The artifact should carry:
- kind, plan ID, account ID, policy profile, policy version, and response mode
- source timestamps and hashes for account, positions, quotes, regime, canary, and policy
- alert context and fired shared signals
- refreshed risk-ledger summary
- pending preview, open order, and recent candidate references used for duplicate suppression
- candidate IDs, rationale, draft intent, and capability status
- estimated before/after effects
- warnings, blocked reasons, and expiration
execution_authority: nonenext_required_step: expert_review
The artifact should not carry:
- execution owner
- submission channel
- preview tokens
- human nonces
- broker order IDs
- order authorizations
Implementation Direction
Build the shared policy and signal vocabulary first, then wire canary and risk-plan to it.
Suggested order:
- Define shared signal IDs, severity, direction, and policy profiles.
- Add machine-readable fired signals, planner mode hint, and planner readiness to canary.
- Build a reusable risk ledger from account, positions, and regime.
- Add monitor duplicate-suppression inputs: pending previews, open orders, and recent candidates.
- Implement defensive risk-plan candidates for existing positions.
- Add typed plan artifacts with expert-review-required semantics.
- Add order-preview consumption only for candidates supported by current trading capability.

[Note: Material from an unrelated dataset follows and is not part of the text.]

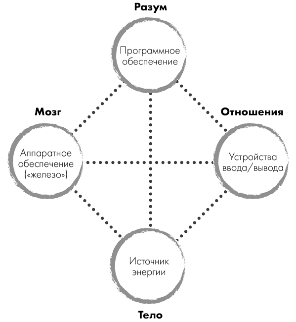 Наконец, четвертый квадрант – разум. Нейропсихиатр Дэниел Сигел описывает разум как эмерджентное свойство, формирующееся в результате взаимосвязи мозга, тела и отношений, в которых мы состоим[2]2
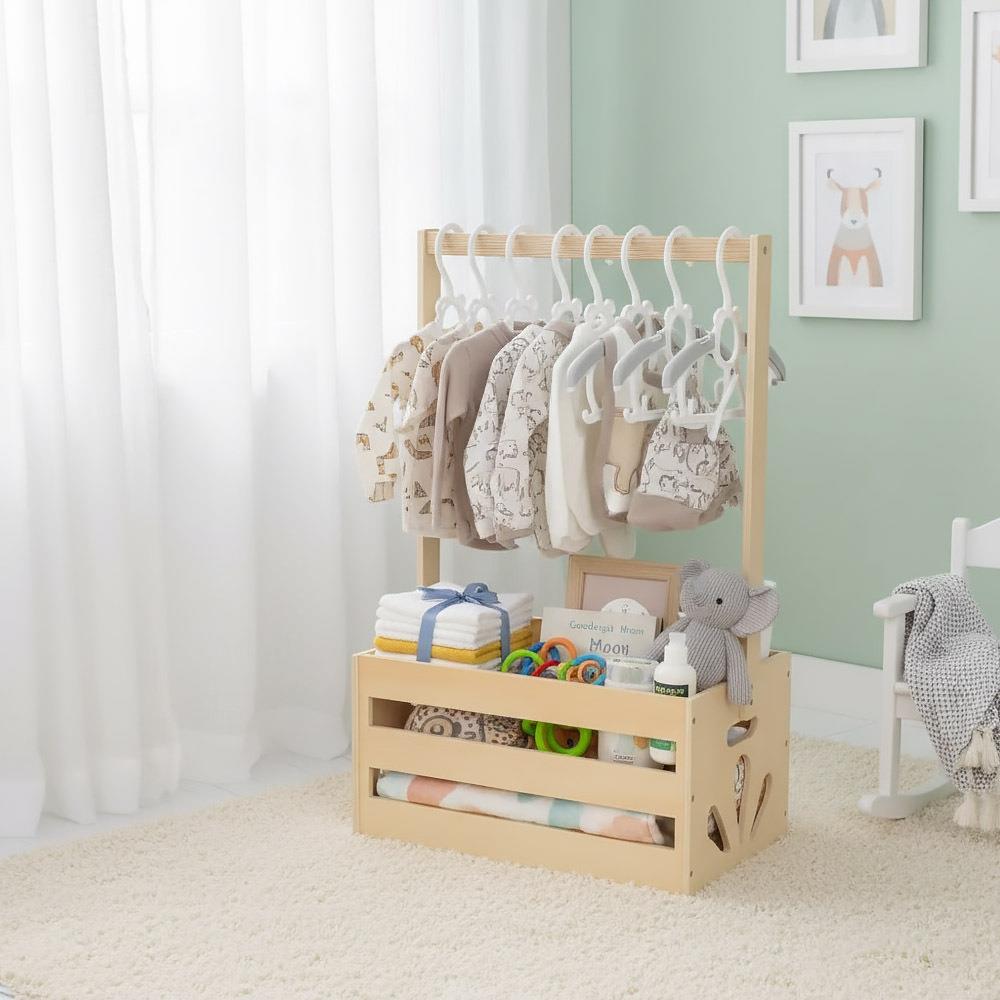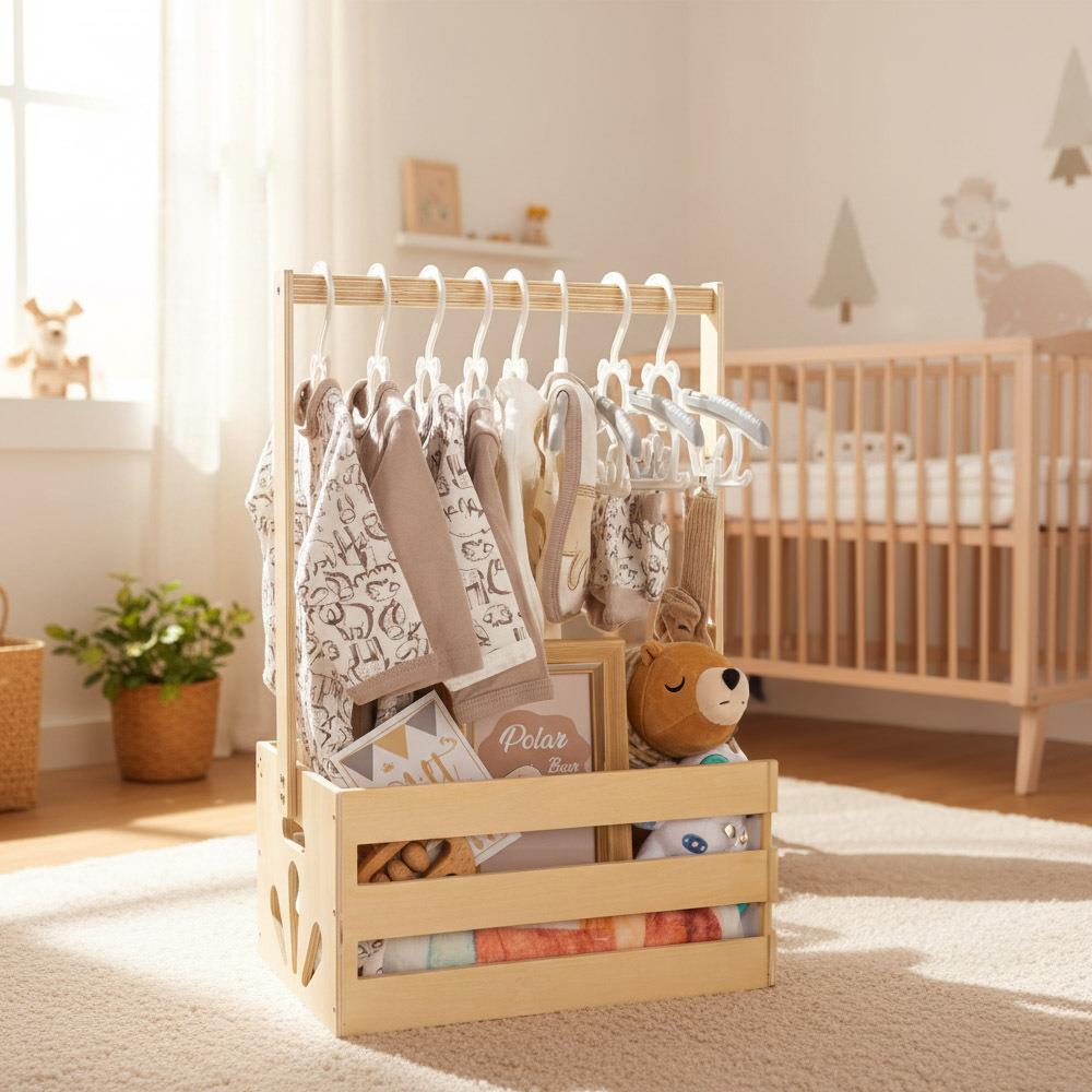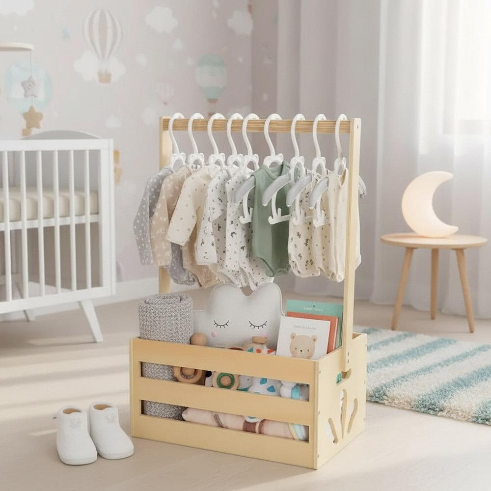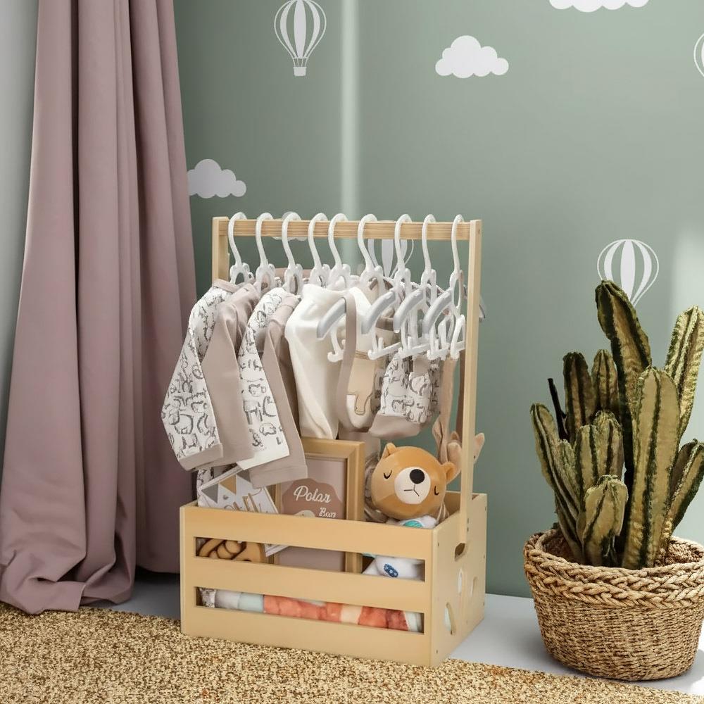 Stylový košík je ideální volbou pro všechny, kteří očekávají příchod miminka nebo hledají dokonalý dárek na baby shower. Nejprve jej naplňte užitečnými drobnostmi – ať už oblečením, plenami, nebo hračkami – a poté jej rodiče využijí jako dekorativní stojan na dětské oblečky. Díky otvorům po stranách lze košík snadno přenášet a velký úložný prostor se stane pomocníkem pro každodenní potřeby. Košíček z přírodního dřeva krásně doplní každý dětský pokojíček a stane se místem na vzpomínky i poklady těch nejmenších. Dlouhotrvající radost i stylový úložný prostor v jednom!

- Extend exposure axes for asset class and market buckets before currency buckets.
- Add deploy/stage modes once defensive planning is trustworthy.
Non-Goals
- No scheduler inside risk-plan.
- No automatic trading.
- No execution-channel decision inside risk-plan.
- No order-level fields in canary.
- No direct canary-to-preview path.
- No preview tokens, nonces, or order authorization from risk-plan.
- No MCP order submission.
- No optimizer, tax-lot engine, or naked short-option strategy generation in the first version.
Open Questions
- What exact thresholds should the first asset-class and market buckets use?
- What exact clean-risk-budget criteria make a constructive signal deployable rather than merely euphoric?
- How long should recent candidate history be retained for duplicate suppression?
- What evidence should let an expert reviewer mark a stale plan safe to rerun instead of creating a new candidate?